Precise Measurement of Cosmic Ray Light and Helium Spectra above 0.1 Peta-electron-Volt
LHAASO collaboration
TL;DR
This work delivers a precise measurement of the cosmic-ray light component and, by subtraction, the helium energy spectrum in the knee region using the LHAASO KM2A-WFCTA hybrid system with a consistent energy scale. By exploiting a light-component selection and a robust energy-reconstruction framework, the authors extract a helium spectrum that exhibits a pronounced hardening at $E_h$ and a knee at $E_k$, aligning with multi-species rigidity considerations yet revealing complex, non-monotonic dominance transitions with energy. The analysis includes iterative refinements of the proton spectrum via an $H/He$ method, comprehensive systematic assessments across hadronic-interaction models, and the development of updated composition models to reduce model-dependent uncertainties. These results imply multiple Galactic CR source populations and provide stringent constraints on hadronic interactions, propagation, and acceleration scenarios in the knee energy range.
Abstract
We report a measurement of the cosmic ray helium energy spectrum in the energy interval 0.16 -- 13 PeV, derived by subtracting the proton spectrum from the light component (proton and helium) spectrum obtained with observations made by the Large High Altitude Air Shower Observatory (LHAASO) under a consistent energy scale. The helium spectrum shows a significant hardening centered at $E \simeq$ 1.1 PeV, followed by a softening at $\sim$ 7 PeV, indicating the appearance of a helium `knee'. Comparing the proton and helium spectra in the LHAASO energy range reveals some remarkable facts. In the lower part of this range, in contrast to the behavior at lower energies, the helium spectrum is significantly softer than the proton spectrum.

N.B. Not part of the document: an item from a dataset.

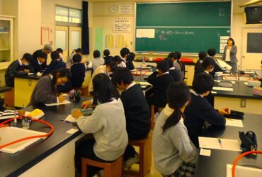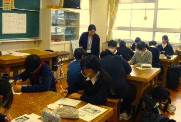 児童は、初めに本校の1年生からの中学校生活に関する説明を聞き、その後、3グループに分かれて実際に中学校の授業を体験しました。

This results in protons overtaking helium nuclei and becoming the largest cosmic ray component at $E \simeq$ 0.7 PeV. A second crossing of the two spectra is observed at $E \simeq$ 5 PeV, above the proton knee, when helium nuclei overtake protons to become the largest cosmic ray component again. These results have important implications for our understanding of the Galactic cosmic ray sources.